---
title: "Study Diagnostics"
date: "`r Sys.Date()`"
output:
  rmarkdown::html_vignette:
    number_sections: yes
    toc: yes
vignette: |
  %\VignetteIndexEntry{Study Diagnostics}
  %\VignetteEngine{knitr::rmarkdown}
  %\VignetteEncoding{UTF-8}
---

```{r, include = FALSE}
knitr::opts_chunk$set(
  collapse = TRUE,
  comment = "#>",
  warning = FALSE,
  message = FALSE
)
```

The **SelfControlledCohort** package includes a suite of diagnostics that evaluate whether the assumptions of the Self-Controlled Cohort (SCC) design hold for a given analysis. These diagnostics run automatically when `runDiagnostics = TRUE` and determine whether study results should be **unblinded** (viewed) or kept blinded until issues are resolved.

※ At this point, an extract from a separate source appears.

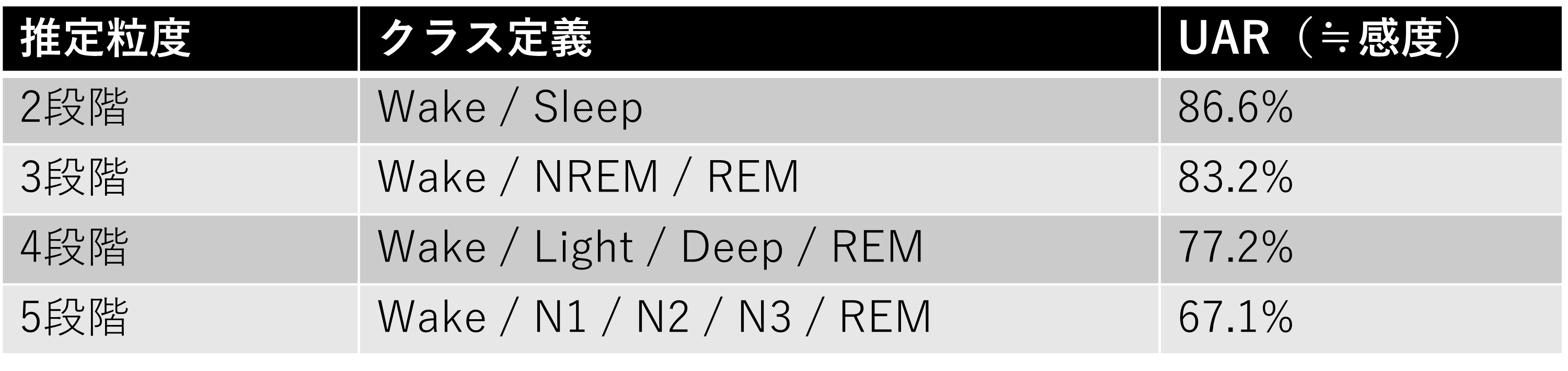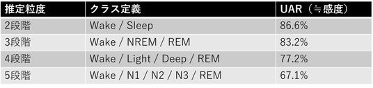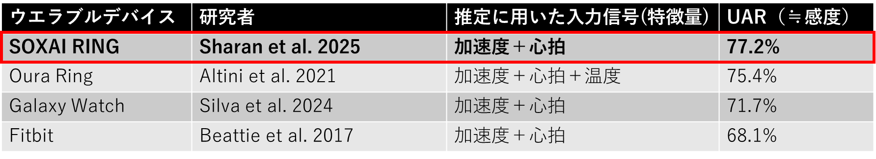 ※本研究では、5段階睡眠(Wake/N1/N2/N3/REM)についてもUARを報告しており、スマートリングデータでのより細かな睡眠ステージ推定に向けたベースラインを提示しています。

This vignette describes each diagnostic, the assumption it checks, and how results are interpreted.

# Overview

Four core diagnostics are available to assess the validity of the SCC analysis.

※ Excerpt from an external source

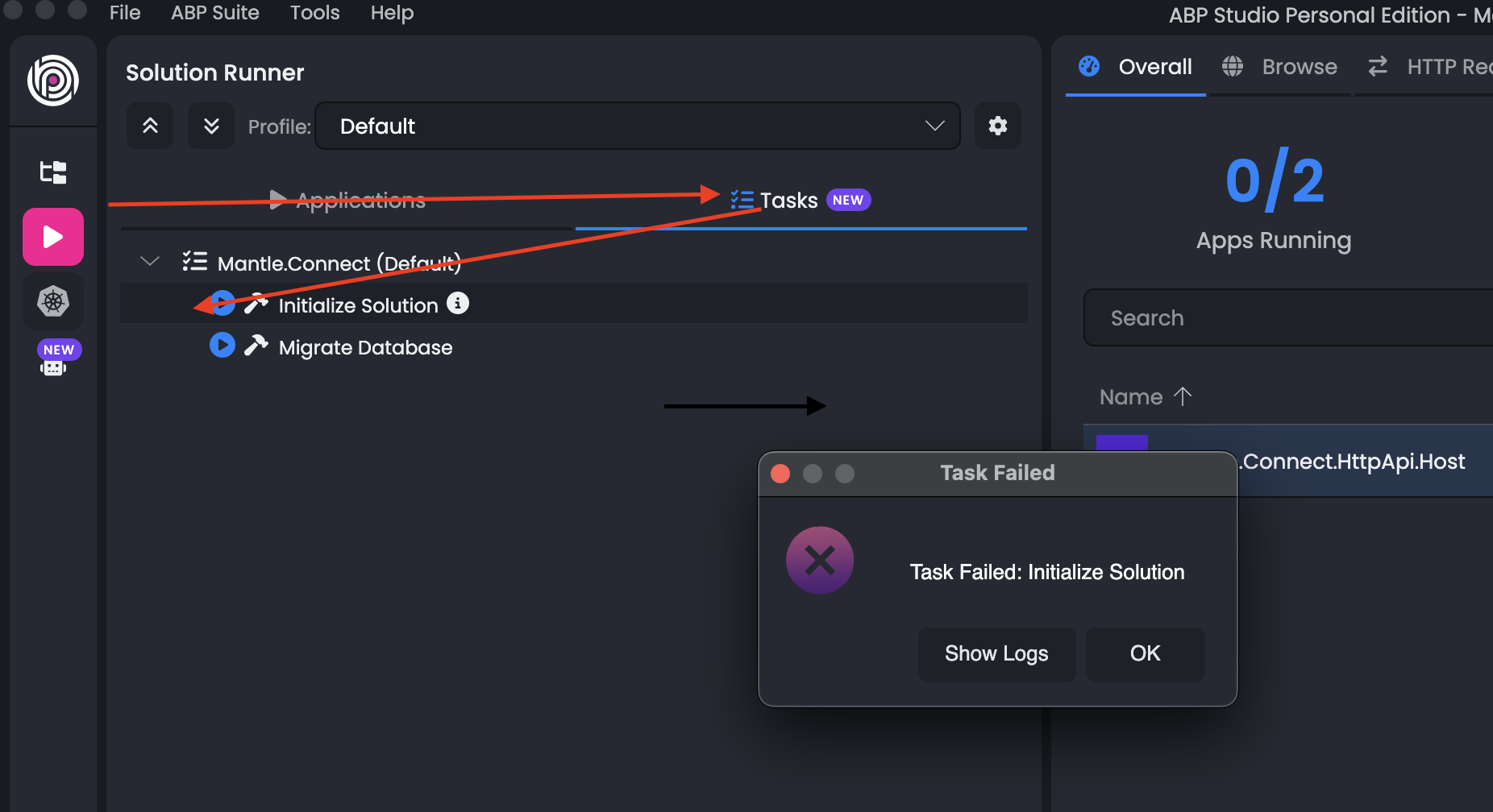 node -vworks) and start ABP Suite from that same Terminal session (so it inherits the environment). - Then re-run Tasks → Initialize Solution.

| Diagnostic Name | Assumption Tested | Default Threshold |
|---|---|---|
| **MDRR** | Adequate statistical power | MDRR <= 10.0 |
| **PRE_EXPOSURE** | Correct temporal ordering | Rate Ratio <= 1.0, p > 0.05 |
| **EVENT_DEPENDENT_OBSERVATION** | Non-informative censoring | Proportion <= 10% |
| **EASE** | Low systematic error | EASE <= 0.25 |

Default thresholds are available via `getDefaultDiagnosticThresholds()`:

```{r thresholds}
library(SelfControlledCohort)
str(getDefaultDiagnosticThresholds())
```

# Minimum Detectable Relative Risk (MDRR)

## What it checks

The MDRR quantifies the smallest rate ratio the study has 80% power to detect at alpha = 0.05. A high MDRR indicates that only very large effects would be detected --- the study is underpowered.

## Method

The calculation uses the **Musonda (2006) Signed Root Likelihood (SRL1)** method, which is specifically designed for self-controlled designs. It finds the rate ratio satisfying the target power (80%) given the observed person-time and event counts in exposed and unexposed windows.


## Interpretation

- **MDRR <= 10.0** -> Pass. The study has sufficient power to detect clinically relevant effects.
- **MDRR > 10.0** -> Fail. The study can only detect very large effects, and estimates may be unreliable.
- **MDRR = NA** -> Fail. Occurs when there are zero events or zero person-time.

## Example

```{r eval=FALSE}
# Well-powered study
computeMdrrForRateRatio(
  exposedPersonTime = 50000,
  unexposedPersonTime = 150000,
  exposedEvents = 40,
  unexposedEvents = 90
)

# Underpowered study (SRL1 solver returns NA if power cannot be met)
computeMdrrForRateRatio(
  exposedPersonTime = 500,
  unexposedPersonTime = 1500,
  exposedEvents = 3,
  unexposedEvents = 7
)
```

## Role in blinding

MDRR is the only diagnostic that affects **Tier 2 (UNBLIND)** but not **Tier 1 (UNBLIND_FOR_CALIBRATION)**. This means a low-powered study can still serve as a negative control for empirical calibration, even if its point estimate should not be viewed directly.

# Pre-Exposure Gain

## What it checks

This diagnostic detects whether outcomes occur *before* the exposure start date at a rate higher than expected. In a properly specified SCC analysis, outcomes should not systematically precede exposure.

## Why it matters

Pre-exposure outcomes suggest one or more of:

- **Confounding by indication** --- the outcome (or a related condition) prompted the exposure.
- **Misspecified cohort definitions** --- the exposure definition accidentally captures outcome events or vice versa.
- **Data quality issues** --- incorrect temporal ordering in the source data.

## Method

The diagnostic is performed using a high-performance SQL query that aggregates counts directly in the database. For each target-outcome pair:

1. Count the number of outcome events occurring in the window before `exposure_start_date` and the window after.
2. Calculate the corresponding person-time for both windows across all individuals.
3. Run a one-sided rate ratio test using `rateratio.test::rateratio.test`.

## Interpretation

The diagnostic emits two rows: `PRE_EXPOSURE_RATE_RATIO` and `PRE_EXPOSURE_P_VALUE`.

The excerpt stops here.